In a presidency that has been marked by vicious Twitter wars, perhaps the most jarring is the recent open feud between Trump and a member of his own party, Senator Bob Corker.

The quarrel started on October 8 when Trump tweeted that Corker was declining to run for re-election because he “didn’t have the guts.” The senator responded with another now-famous tweet: “It’s a shame the White House has become an adult day care center. Someone obviously missed their shift this morning.”

The acerbic exchange continued all day, and included an interview between Corker and The New York Times in which Corker accused the president of acting “like he’s doing ‘The Apprentice’ or something.”

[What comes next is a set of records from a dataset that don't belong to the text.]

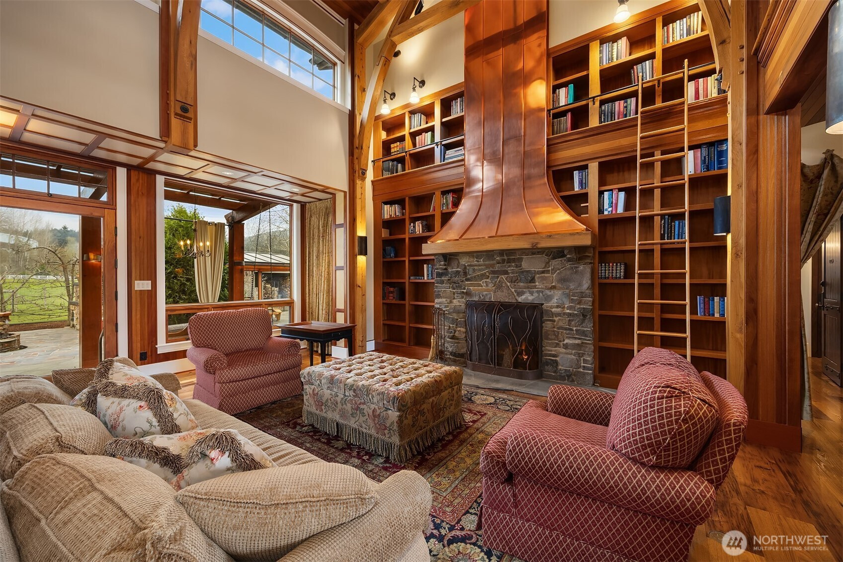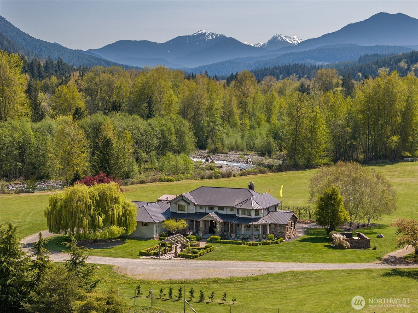 (650)533-3259An exceptional opportunity to own a luxury boutique farm estate on 18.75 acres with private Dungeness River frontage. Custom built from the ground up, this 5,500 sqft English manor-inspired residence showcases impeccable attention to detail, blending old-world craftsmanship with modern luxury, from antique chestnut floors and extensive mahogany millwork to soaring timber-framed ceilings and a statement copper fireplace. The main level features a stunning primary suite with spa-like bath, expansive walk-in closet, while a private MIL suite offers a full kitchen, living space, bedroom, and bath. Upstairs includes two additional bedrooms with Jack and Jill bath, plus an office and media room that could easily function as additional bedrooms. A chef’s kitchen anchored by an Aga stove, Sub-Zero appliances complete the home. The 5,000 sqft barn includes a commercial kitchen, 3,000 sqft of additional hangar storage ideal for equipment, RV, and/or helicopter. The grounds are equally impressive, featuring orchards, greenhouses, a covered back porch, fire pit, pizza oven w/ rotisserie, dog run, and beautifully curated English gardens with a sweeping willow tree. Enjoy fly fishing along the river and a yurt tucked into nature. Endless potential as a working farm, boutique retreat, event venue, or a truly romantic private estate at the base of the Olympic Mountains. A rare opportunity in one of the most unique settings, framed by mountains and water, and just a ferry ride from Seattle.
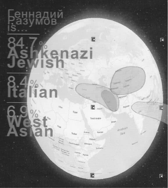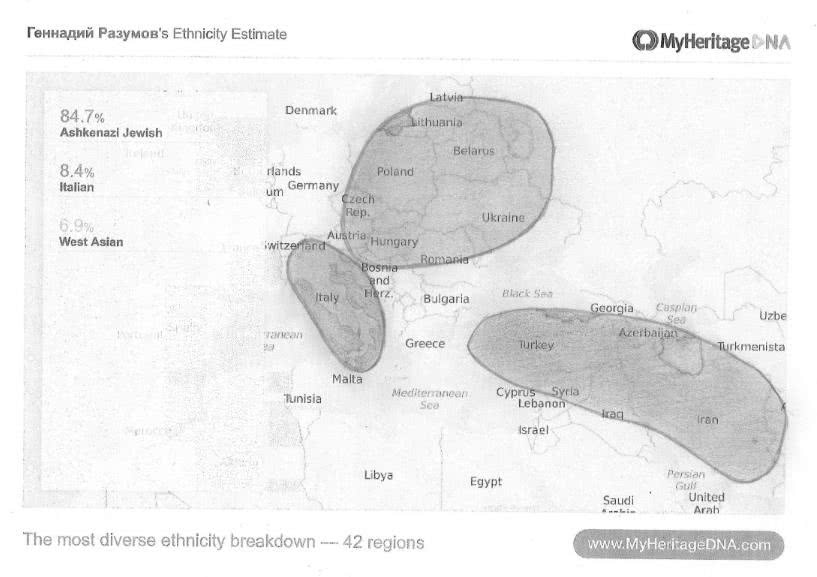 И то, и другое я прилежно выполнил, а месяца через два получил многостраничный Отчет с подробной информацией о результатах генетического исследования моего «наплевательского» отношения к этому серьезному делу. Там же была ссылка на интернетовскую страницу, где те же выводы были представалены в форме видео – движущей цветной картографической картинки.
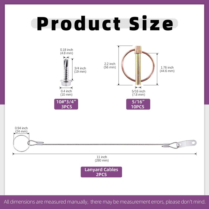 - 💢 What You Get ------ In this kit, You will get 15Pcs Lynch Pin L Pin Fastener Assortment Kit, Including 10Pcs 5/16 x 1"-3/4" Lynch Pins; 3Pcs 410 Stainless Steel Self Drilling Sheet Metal Screws #10x3/4" - #10x19; 2Pcs Stainless Steel Lanyard Cables with Quick Release Ring. Intotal 15Pcs can meet all your daily needs.
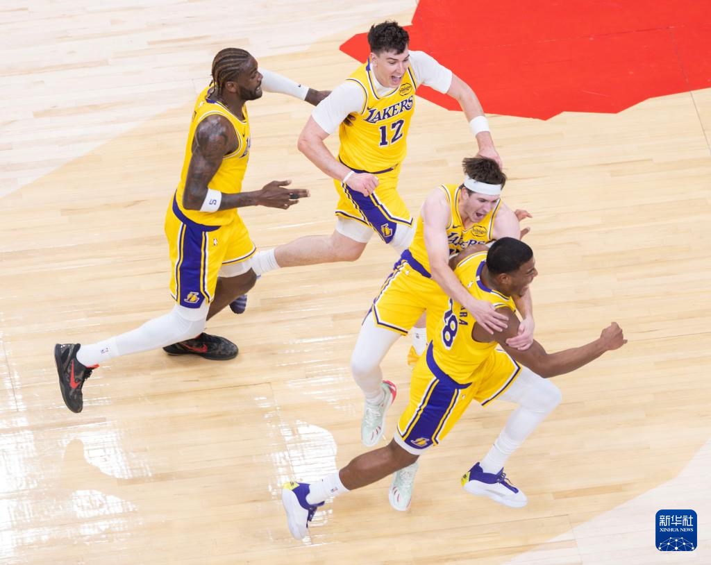 12月4日,湖人队球员八村塁(左前)庆祝命中绝杀三分球。
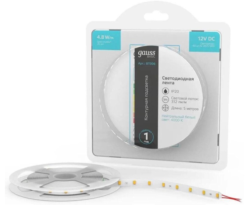 Светодиодная лента GAUSS Светодиодная лента Basic, 24Вт, 5м [bt006]

“I know for a fact that every single day at the White House, it’s a situation of trying to contain him,” Corker told Times correspondent Jonathan Martin.

The following day, attorney and CNN host Michael Smerconish claimed that Corker’s comments could be a way of “planting seeds” for invoking the 25th Amendment.

“Now he’s saying that ‘he concerns me,'” Smerconish said. “I think he’s planting seeds for questioning the fitness — the mental fitness of the president, pursuant to the 25th Amendment, to continue with his responsibilities.”

He went on to add: “If you were to take a look at the amendment and then say, OK, how would you make an argument, what sort of things would you say in making a case to fulfill Section Four of the 25th Amendment, those words would be at the top of the list.”

Fox & Friends cohost Brian Kilmeade rebuked Corker for his public remarks, calling them “self-serving,” adding, “Whatever Bob Corker thought, he could have done it personally and privately.”

White House Press Secretary Sarah Sanders also called the legitimacy of Corker’s claims into questions, saying “Sen. Corker is certainly entitled to his own opinion, but he’s not entitled to his own facts.” She added, “The facts certainly don’t lie, the President has certainly been very successful.”